## WHAT YOU NEED TO DO:
Your answer must be the lines from the one holding "Le câble combiné" through the final line of the entries below, copied exactly, with no pictures.

## Items listed in a dataset:
══════

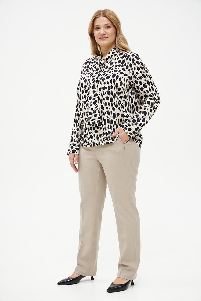 Блуза имеет классический крой с длинными рукавами и отложным воротником. Застежка на пуговицы. Изготовлена из высококачественной 100% вискозы, что делает ее приятной к телу и обеспечивает комфорт при ношении.
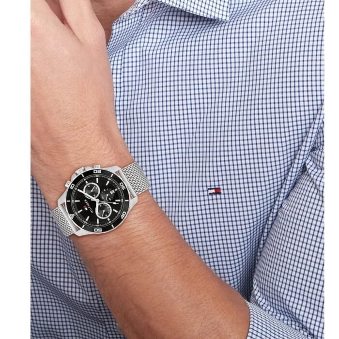 ساعة تومي هيلفيغر Tommy Hilfiger للرجال أصلية موديل 1792092 لون اسود و استيك معدن ستانلس لون فضي.
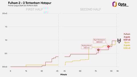 Sunday's meeting between Fulham and Tottenham at Craven Cottage took a long, long time to spark into life. In fact, it was not until the 69th minute that there was a real, clear-cut chance - Dominic Solanke firing over from close range.
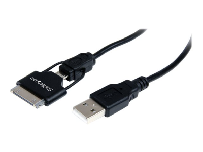 Le câble combiné station d'accueil Apple (30 broches) et Micro USB vers USB USB2UBADC1M (65 cm) constitue une solution simple et fiable pour la connexion des appareils numériques mobiles compatibles Micro USB ou iOS à votre ordinateur afin de les synchroniser ou de les charger.
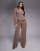 Kaiia exclusive button front fitted shirt and tailored trousers co-ord in beige pinstripe
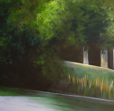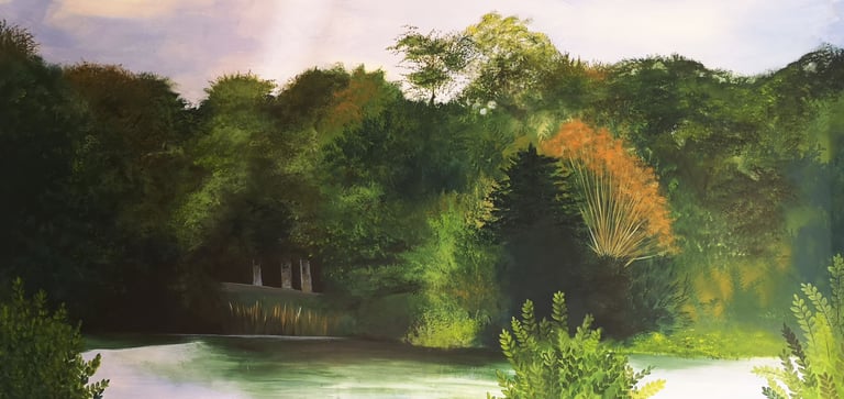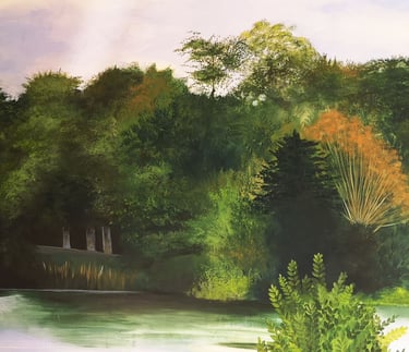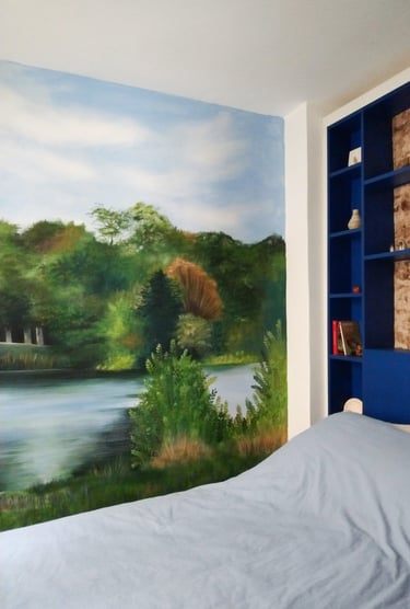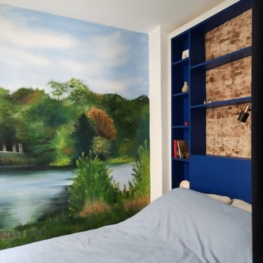 Pour leur pied-à-terre parisien, des clients originaires de Londres m'ont confié la réalisation d'une grande peinture murale pour agrandir l'espace de la petite chambre de 4m². Inspiré de Richmond Park, ce trompe l'oeil invite à la sérénité et donne une touche unique à l'appartement.

══════

## EXERCISE OUTPUT:
 Le câble combiné station d'accueil Apple (30 broches) et Micro USB vers USB USB2UBADC1M (65 cm) constitue une solution simple et fiable pour la connexion des appareils numériques mobiles compatibles Micro USB ou iOS à votre ordinateur afin de les synchroniser ou de les charger.
 Kaiia exclusive button front fitted shirt and tailored trousers co-ord in beige pinstripe
 Pour leur pied-à-terre parisien, des clients originaires de Londres m'ont confié la réalisation d'une grande peinture murale pour agrandir l'espace de la petite chambre de 4m². Inspiré de Richmond Park, ce trompe l'oeil invite à la sérénité et donne une touche unique à l'appartement.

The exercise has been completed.